WORK ORDER: Exactly retype the lines from the top of the data through the line containing "普通谈话声压级为60~70d", leaving out every picture.

Content starts

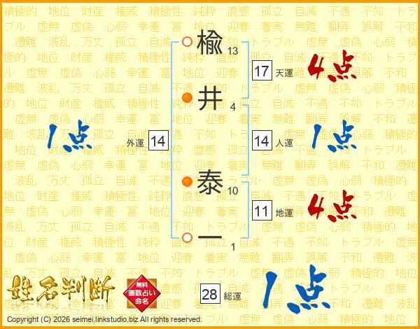 楡井泰一さんの人運は14画の1点!
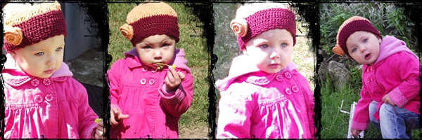 Sikerült Laurának 2 sapit, és egy hajpántot horgolnom, nem profi, de szerintem elég jók lettek.
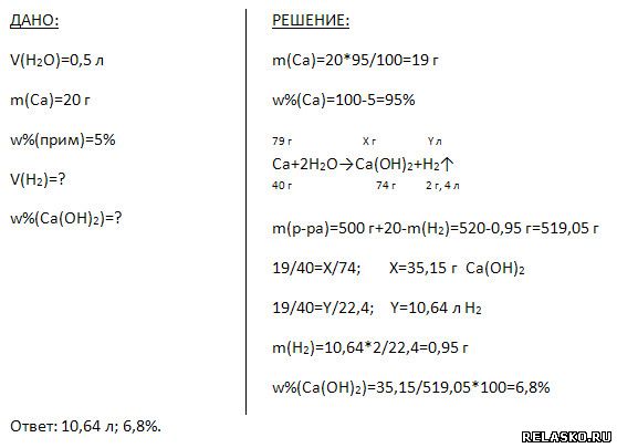 5. Какой объём водорода образуется при взаимодействии с 0,5 л воды 20 г кальция, содержащего 5% примесей? Рассчитайте массовую долю щёлочи в полученном растворе.
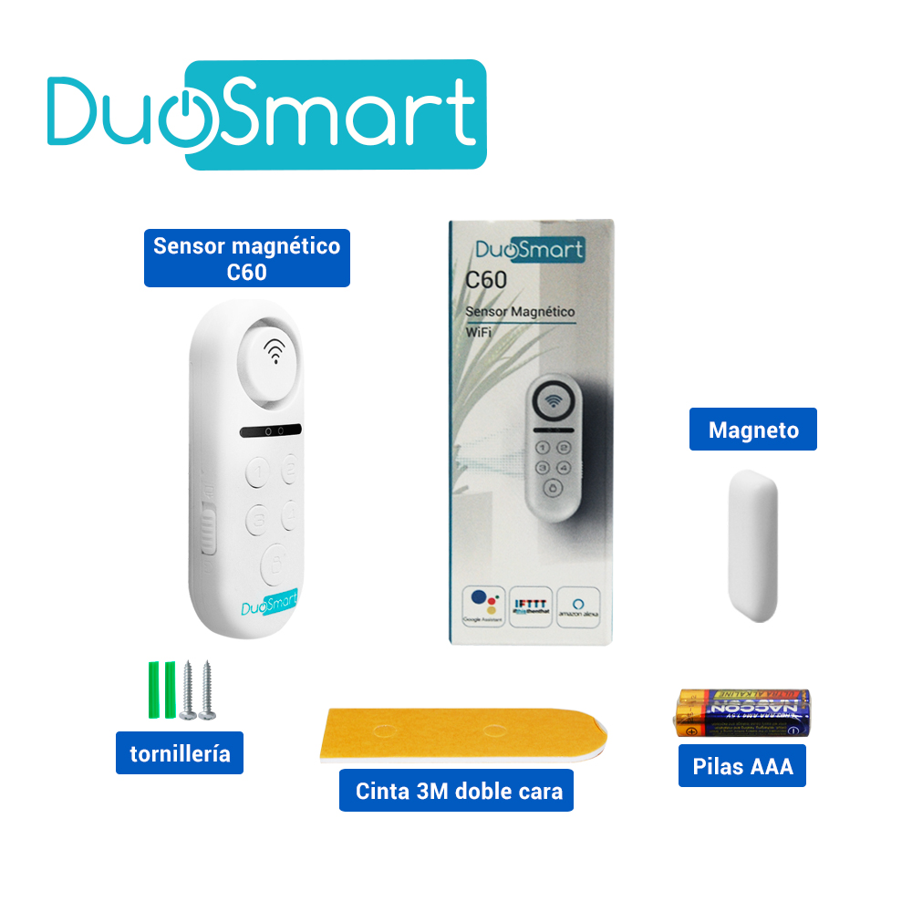 SENSOR MAGNETICO WIFI 2.4 GHZ DUOSMART C60 CON SIRENA INCLUIDA 2 MODOS DE OPERACION 2 SONIDOS DE NOTIFICACION COMPATIBLE CON ESCENAS EN APP Y EN ASISTENTES VIRTUALES ALEXA Y GOOGLE HOME **NO ACEPTA DISPOSITIVOS ADICIONALES**
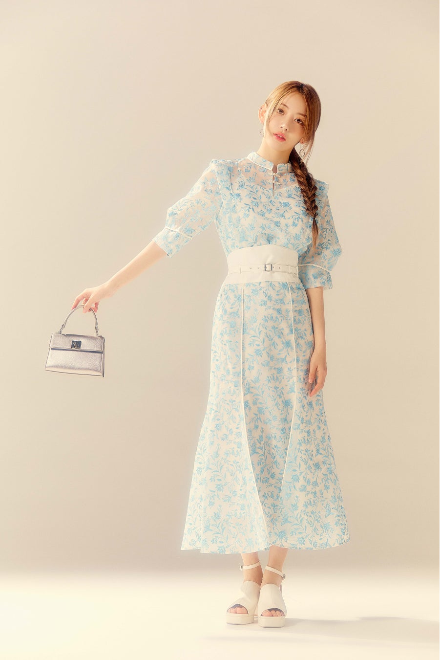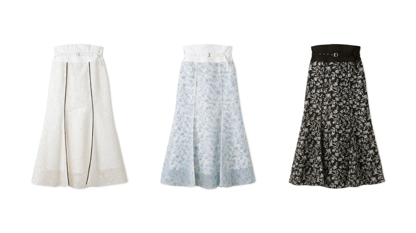 シアー素材に全面に施されたヴィンテージライクな花柄刺繍が視線を集めるセットアップ。
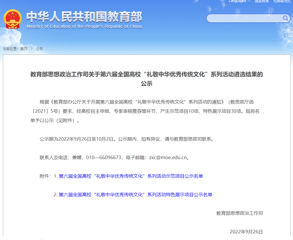 近日,第六届全国高校“礼敬中华优秀传统文化”系列活动遴选结果公示。
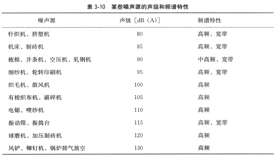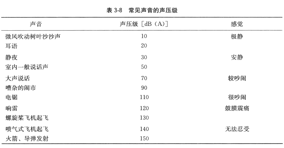 普通谈话声压级为60~70dB,载重汽车声压级为80~90dB,球磨机的声压级为120dB左右,喷气式飞机声压级为140~150dB,甚至更高(表3-8)。
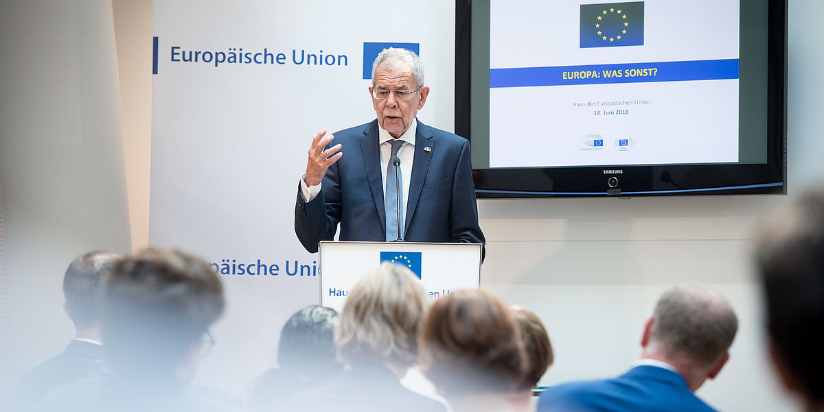 In Bezug auf die in Europa im Vormarsch befindlichen nationalistischen Bewegungen, die die EU für obsolet erklärten und nationale Souveränität über den europäischen Gedanken stellten, meinte der Bundespräsident. "Diesen Standpunkt kann man vertreten, wenn man dazusagt: Der europäische Zwergstaat, wenn er allein ist, ist einfach allein und sonst gar nichts - und als Zwergstaat Spielball mächtigerer Staaten."
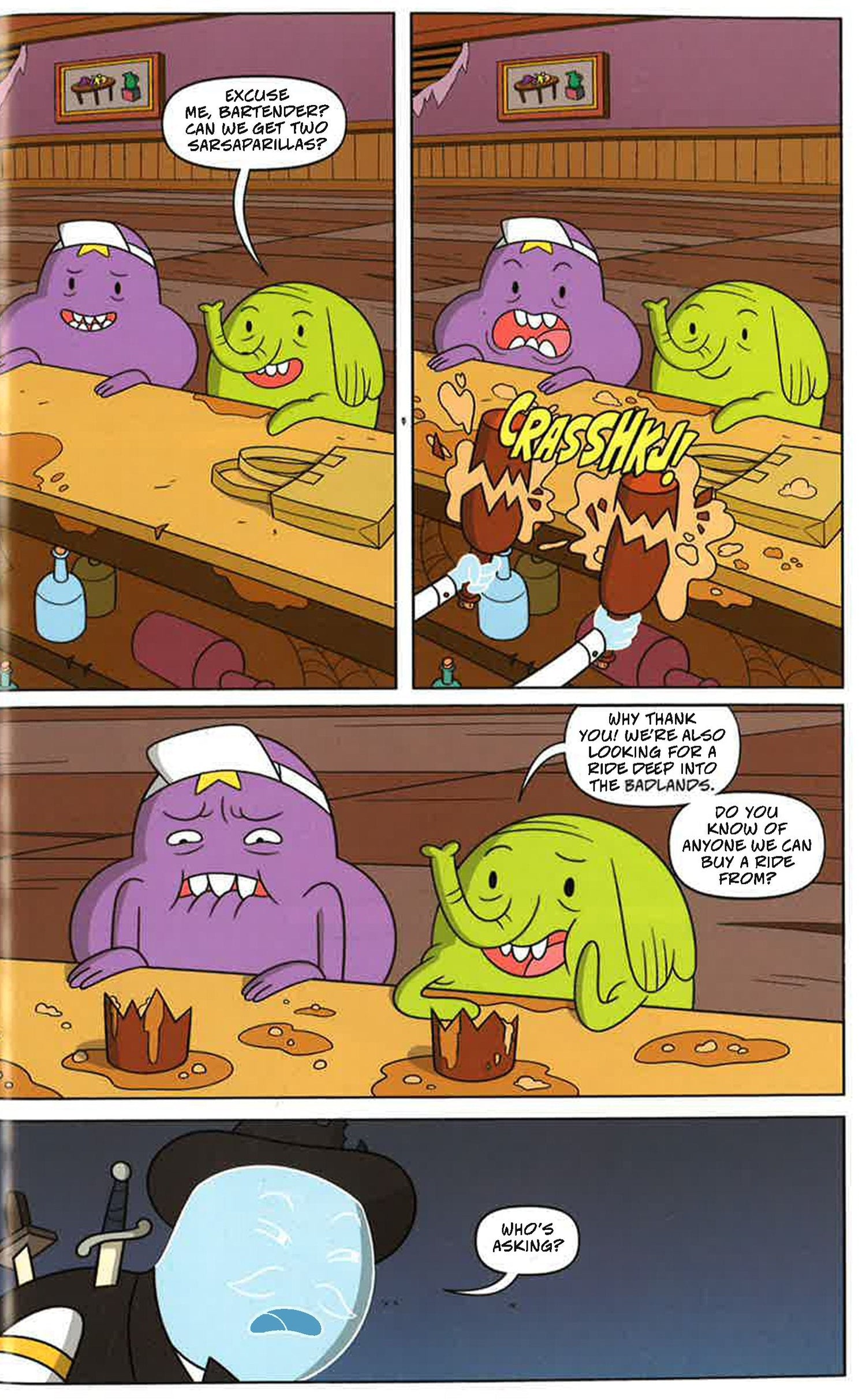 LSP and Tree Trunks go on a treasure hunt! Good thing Finn and Jake are there to save the day . . . or are they? It's the most important moment of Lumpy Space Princess's life, and it's all going to slip through her fingers if she doesn't get help. Tree Trunks comes out of her mystery filled retirement for one last job as she agrees to help LSP on a wild west treasure hunt. Finn and Jake secretly follow along to protect their friends but discover that LSP knows more than she is letting on about this particular treasure . . . Josh Trujillo (Love Machines) and Zachary Sterling (Adventure Time) take readers on a wild journey in Adventure Time: Brain Robbers.
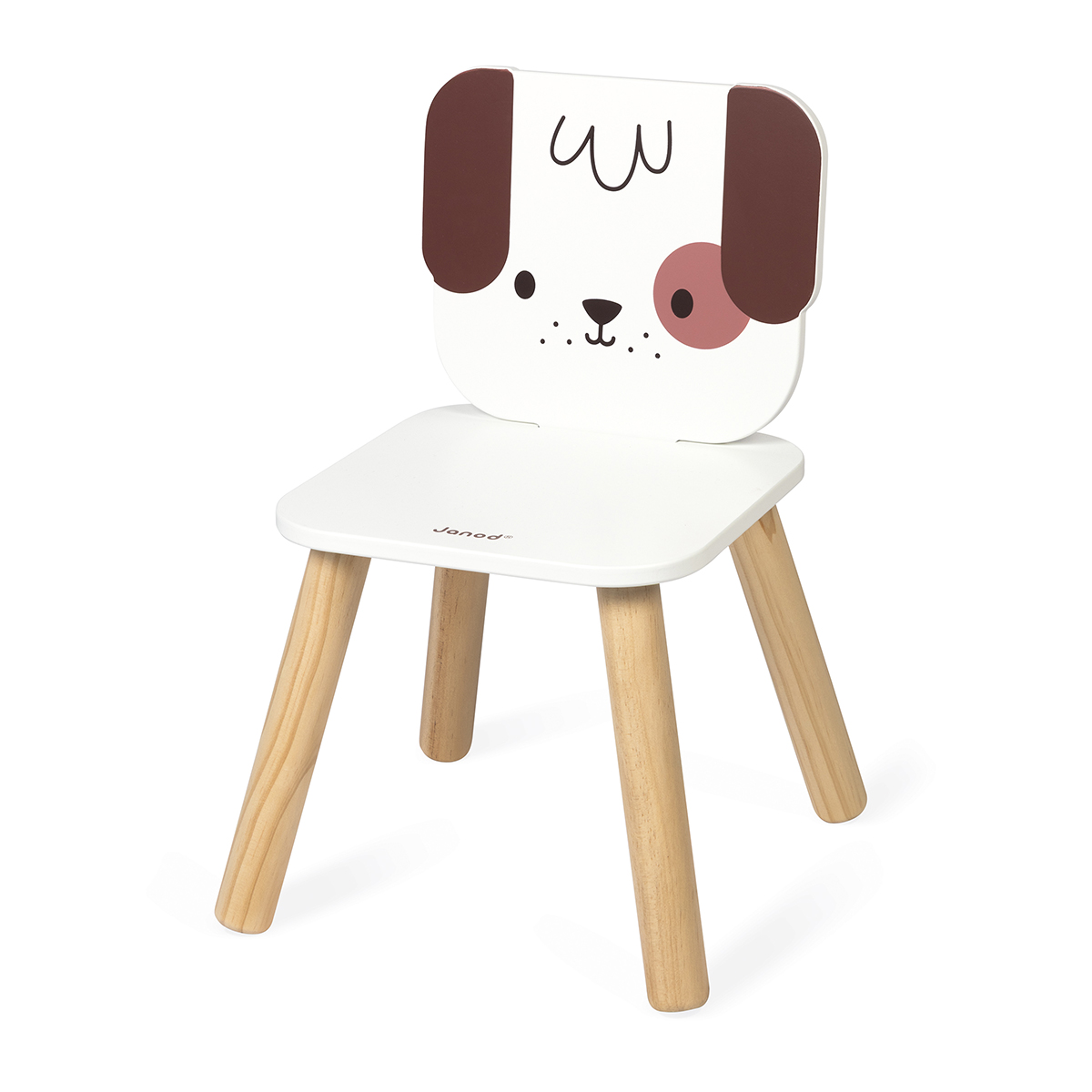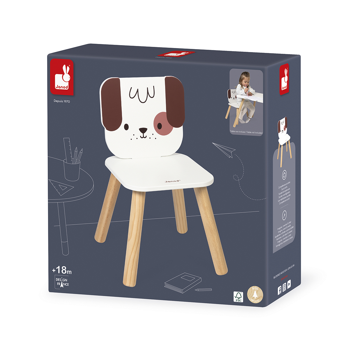 Der ideale Gefährte für ruhige und kreative Momente. Verleihen Sie dem Zimmer Ihres Kindes einen Hauch von Zärtlichkeit und Stil mit diesem Holzstuhl mit Hundemotiv, der sogar die Größeren begeistern wird. Er wurde speziell für Kleinkinder entworfen und vereint Sitzkomfort, Sicherheit und Ästhetik. Möbelstück aus Holz, für Kinder ab 18 Monaten.
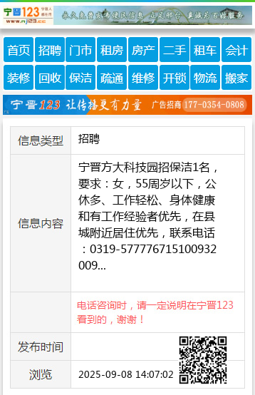 宁晋方大科技园招保洁1名,要求:女,55周岁以下,公休多、工作轻松、身体健康和有工作经验者优先,在县城附近居住优先,联系电话:0319-577776715100932009 【电话咨询时,请一定说明在宁晋123看到的,谢谢!】 |
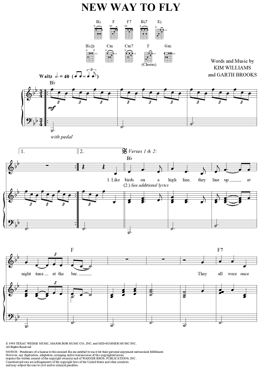 Digital Sheet Music for New Way to Fly by Garth Brooks, Kim Williams scored for Piano/Vocal/Chords; id:263812
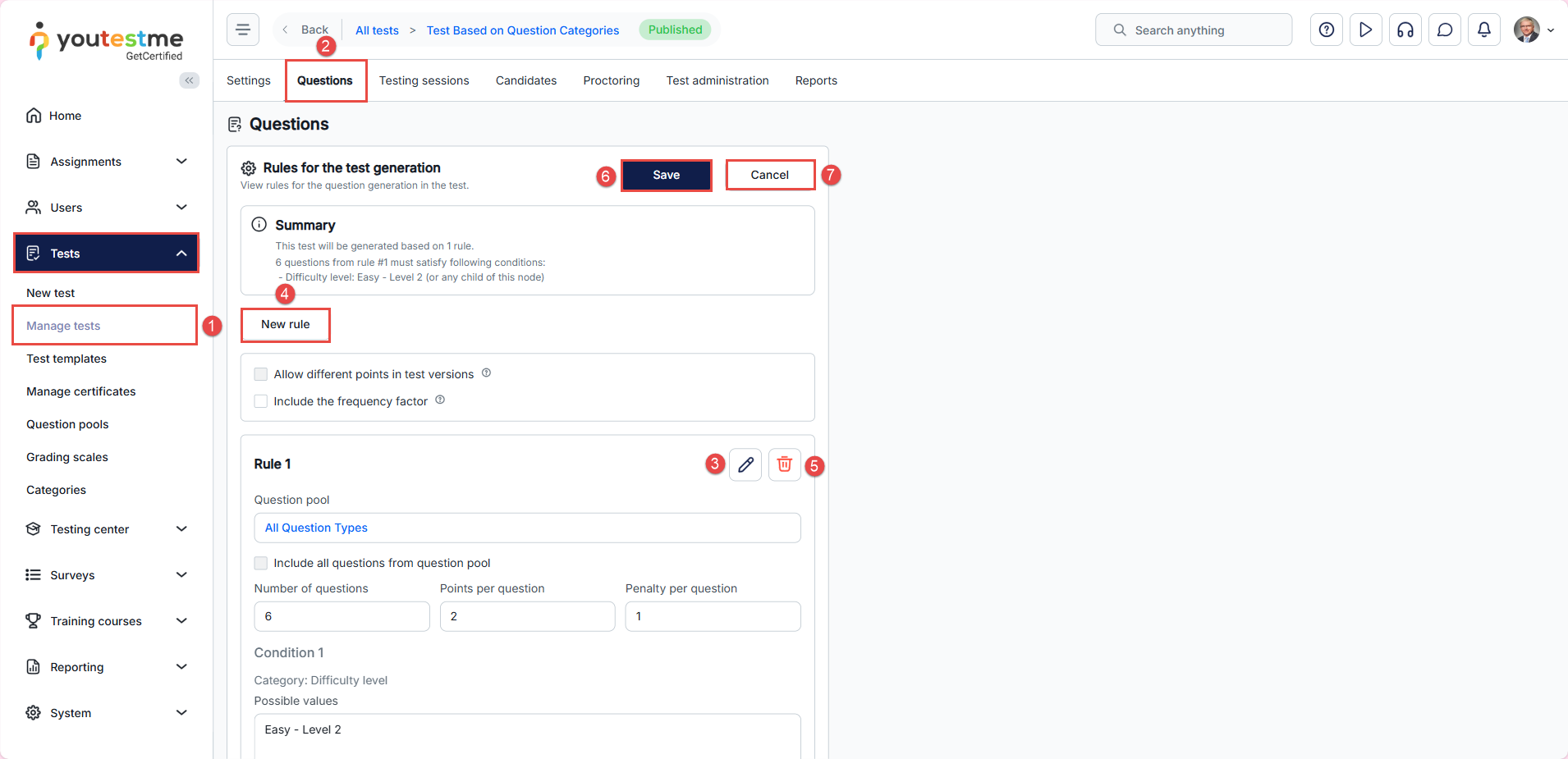 - Click the Edit icon to modify an existing rule. Update the question pool, number of questions, points, penalties, or category conditions as needed.

Content ends

THE ANSWER:
 楡井泰一さんの人運は14画の1点!
 Sikerült Laurának 2 sapit, és egy hajpántot horgolnom, nem profi, de szerintem elég jók lettek.
 5. Какой объём водорода образуется при взаимодействии с 0,5 л воды 20 г кальция, содержащего 5% примесей? Рассчитайте массовую долю щёлочи в полученном растворе.
 SENSOR MAGNETICO WIFI 2.4 GHZ DUOSMART C60 CON SIRENA INCLUIDA 2 MODOS DE OPERACION 2 SONIDOS DE NOTIFICACION COMPATIBLE CON ESCENAS EN APP Y EN ASISTENTES VIRTUALES ALEXA Y GOOGLE HOME **NO ACEPTA DISPOSITIVOS ADICIONALES**
 シアー素材に全面に施されたヴィンテージライクな花柄刺繍が視線を集めるセットアップ。
 近日,第六届全国高校“礼敬中华优秀传统文化”系列活动遴选结果公示。
 普通谈话声压级为60~70dB,载重汽车声压级为80~90dB,球磨机的声压级为120dB左右,喷气式飞机声压级为140~150dB,甚至更高(表3-8)。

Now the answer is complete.